§ What you need to do
Repeat, word for word, all the data that follows, and exclude the pictures.

§ Supplied material

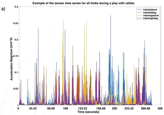 Infants’ and caregivers’ movements were recorded at 60 Hz using wearable motion trackers (MTw Awinda, Xsens Technologies B.V., Enschede, The Netherlands): an Awinda station receiver (Xsens Technologies B.V.) and MT Manager Software (Xsens Technologies B.V.). Overall, 12 sensors were used (on infant’s arms, legs, head and torso, see Figure 1, and on caregiver’s arms, head and torso), but in this paper, we report data only from 4 sensors placed on infant’s arms and legs.
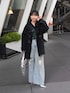 ボリュームのある黒のアウターを主役に、インナーは深みのあるグリーンで重たくなりすぎないように。 ダメージ入りのワイドデニムでラフさを足して、足元はシャープなシルバーで締めました。 トップに重さがある分、ボトムは落ち感のあるシルエットで縦ラインを意識。 シンプルだけど素材とシルエットでメリハリをつけたコーデです。
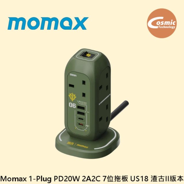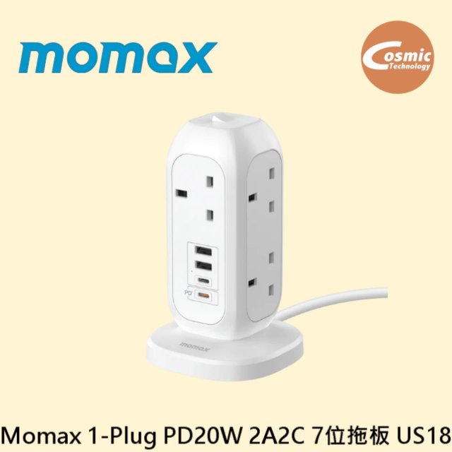 Momax 1-Plug PD20W 2A2C 7位拖板 US18 渣古II版本
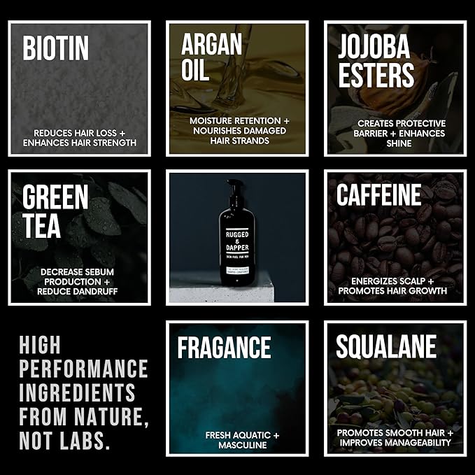 RUGGED & DAPPER 2-in-1 Mens Shampoo and Conditioner - Biotin Hair Thickening Shampoo for Men - SLS-free and Paraben-Free

§ Finished exercise
 Infants’ and caregivers’ movements were recorded at 60 Hz using wearable motion trackers (MTw Awinda, Xsens Technologies B.V., Enschede, The Netherlands): an Awinda station receiver (Xsens Technologies B.V.) and MT Manager Software (Xsens Technologies B.V.). Overall, 12 sensors were used (on infant’s arms, legs, head and torso, see Figure 1, and on caregiver’s arms, head and torso), but in this paper, we report data only from 4 sensors placed on infant’s arms and legs.
 ボリュームのある黒のアウターを主役に、インナーは深みのあるグリーンで重たくなりすぎないように。 ダメージ入りのワイドデニムでラフさを足して、足元はシャープなシルバーで締めました。 トップに重さがある分、ボトムは落ち感のあるシルエットで縦ラインを意識。 シンプルだけど素材とシルエットでメリハリをつけたコーデです。
 Momax 1-Plug PD20W 2A2C 7位拖板 US18 渣古II版本
 RUGGED & DAPPER 2-in-1 Mens Shampoo and Conditioner - Biotin Hair Thickening Shampoo for Men - SLS-free and Paraben-Free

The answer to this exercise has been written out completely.